**Source material**

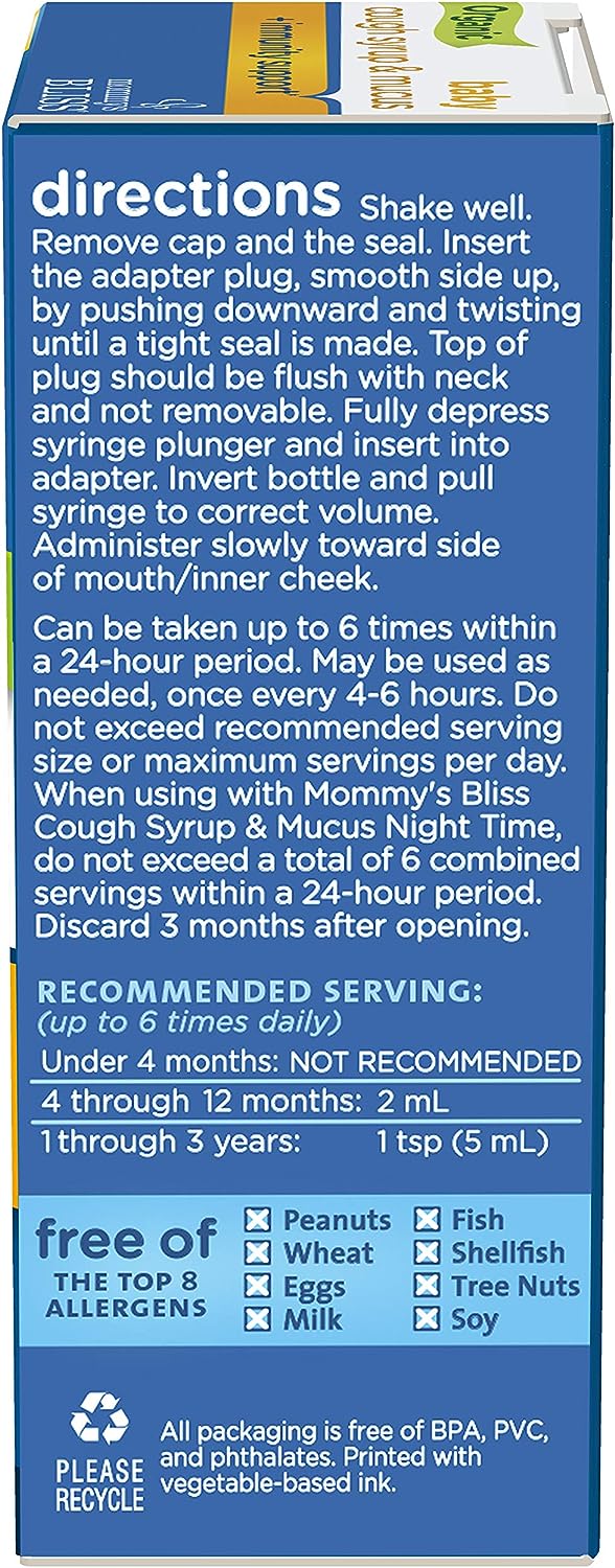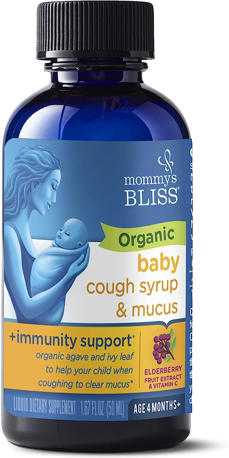 Mommy's Bliss Organic Baby Cough Syrup with Immunity Support offers organic relief for your child when occasional coughs hit. Our cough syrup supports their immunity, relieves discomfort, and helps you find your ultimate parenting bliss. This cough syrup is safe for babies 4 months and can help them when coughing to clear mucus, moisturize and protect their nasal passages, and support their immune system. It contains zero added sugar, alcohol, or artificial flavors or colors, and is also free of the top 8 allergens to avoid! Created for moms, by moms, Mommy's Bliss is made with gentle ingredients to safely bring families back to bliss.
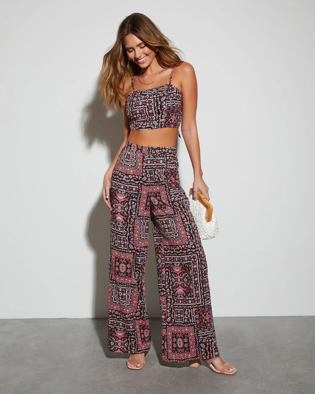 Belize Printed Satin Low Back Tie Waist Maxi Dress
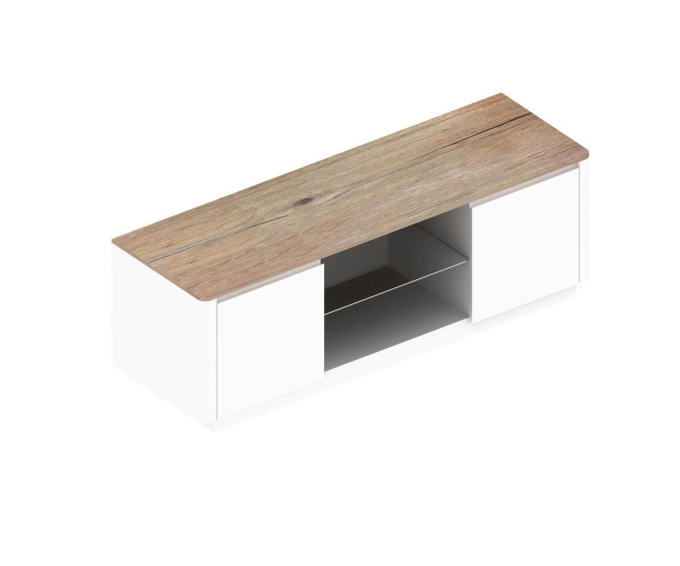 Lowboard "Arctic" mit 2 Türen mit Soft-Close und 2 Ablagen mit Kabledurchführung, abgerundete Kanten, weiss matt lackiert, Holzoberplatte in Wild Eiche, von phoenix, designed in der Schweiz, im angesagten Scandi-StyleB/H/T: 144x48x45 cm2 Türen mit Soft-Close2 offene Fächerpraktische KabeldurchführungenWeiss matt lackiertHolzpberplatte mit Holzstrukturmoderner Scandinavian StyleHergestellt aus PU matt lackiertem MDF und Wabenplatte, sowie eine melaminbeschichtete Spanplatte. Alle Beschläge und Schienen sind aus Metall.
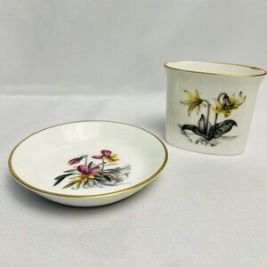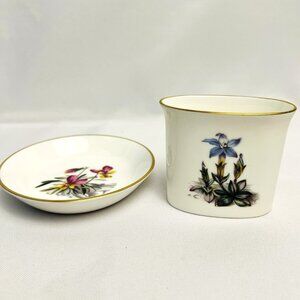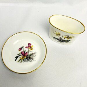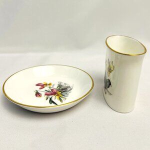 Royal Worcester Vintage Porcelain 2 pcs. Multi Floral Motif Gold Trim Vanity Set
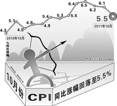 去年下半年以来,CPI出现了一路高涨的态势。今年初达到4.9%后继续走高,5月份达到5.5%,7月份创下了今年以来6.5%的最高峰值。此后,随着价格调控效果的逐步显现,8月份CPI涨幅回落到6.2%,9月份继续回落到6.1%,10月份已经快速回落到5.5%。
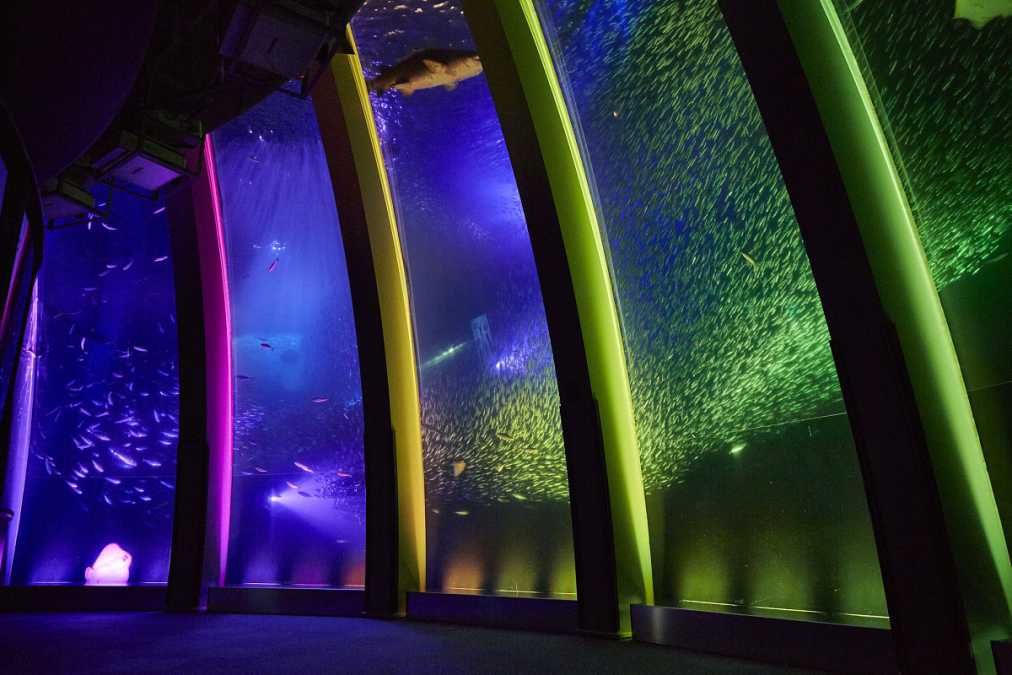 ロマンティックなムードに浸るならココ!アクアミュージアムでは、イワシの群舞とアジサイのようにカラフルなライティングがおりなす幻想的なパフォーマンス「スーパーイワシイリュージョン」が開催されています。
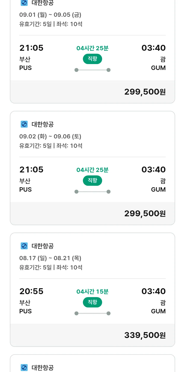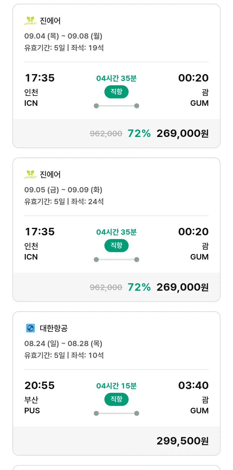 (8월7일(목)) 모두투어 남태평양 특가 항공권

**Your goal**
Please reproduce exactly and only the lines from the first line of the records through the line containing "Belize Printed Satin", both included, omitting any pictures.

**Worked solution**
 Mommy's Bliss Organic Baby Cough Syrup with Immunity Support offers organic relief for your child when occasional coughs hit. Our cough syrup supports their immunity, relieves discomfort, and helps you find your ultimate parenting bliss. This cough syrup is safe for babies 4 months and can help them when coughing to clear mucus, moisturize and protect their nasal passages, and support their immune system. It contains zero added sugar, alcohol, or artificial flavors or colors, and is also free of the top 8 allergens to avoid! Created for moms, by moms, Mommy's Bliss is made with gentle ingredients to safely bring families back to bliss.
 Belize Printed Satin Low Back Tie Waist Maxi Dress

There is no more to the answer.